Esse cortejo de horrores e dificuldades não pode ser interpretado como simples expressão de acidentes normais, de falhas sistêmicas passíveis de prevenção ou da “vingança” de uma natureza cansada de superexploração. Nem muito menos como resultados passivos da globalização neoliberal. Como explica Beck, passamos a viver em meio aos efeitos colaterais de uma civilização – a modernidade capitalista industrial – que regurgitou e trabalha contra si própria, escapando dos controles empregados para ordená-la.
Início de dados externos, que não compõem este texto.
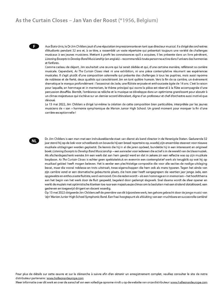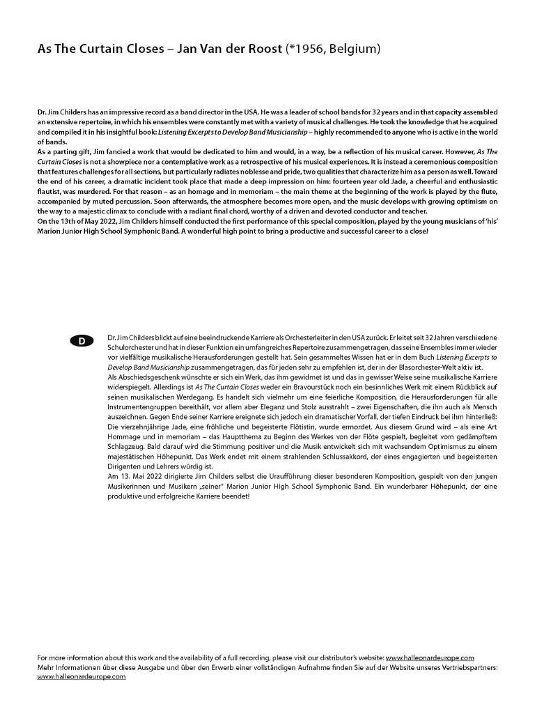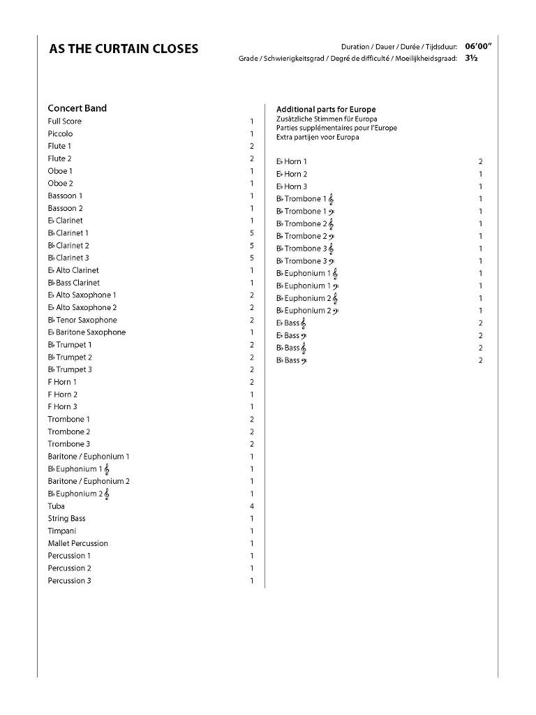 As The Curtain Closes est une composition solennelle rayonnant de noblesse et de fierté qui présente des challenges à tous les pupitres. Le thème principal du début est introduit par la flûte accompagnée de percussions étouffées. Bientôt, le climat se relâche et la musique se développe dans un optimisme grandissant pour aboutir à un climax majestueux qui s’achève sur un dernier accord étincelant.

Chernobyl nos ajuda a seguir Beck e a compreender que precisamos lidar com espaços marcados por transições. Não vivemos plenamente – em todas e em cada sociedade humana – numa civilização fundamentada no risco, mas também já não estamos mais ancorados na sociedade industrial vinda do século XIX. Seguimos rumo a outra modernidade: tardia, globalizada, radicalizada, reflexiva, que nos conecta numa mesma experiência mundial e, com isso, distribui e socializa todos os ônus e oportunidades. Nessa nova modernidade, “emerge um novo tipo de destino adscrito em função do perigo, do qual nenhum esforço permite escapar”. Os sistemas concebidos para proteger e racionalizar convertem-se em forças destrutivas. Ameaças vêm a reboque do consumo cotidiano, infiltradas na água, em alimentos, nas roupas, nos objetos domésticos. Tudo é processado reflexivamente, quer dizer, mediante discussão, elaboração, troca de informações, que voltam a turbinar o circuito. Trata-se de “uma civilização que ameaça a si mesma”, na qual a incessante produção de riqueza é acompanhada por uma igualmente incessante “produção social de riscos”.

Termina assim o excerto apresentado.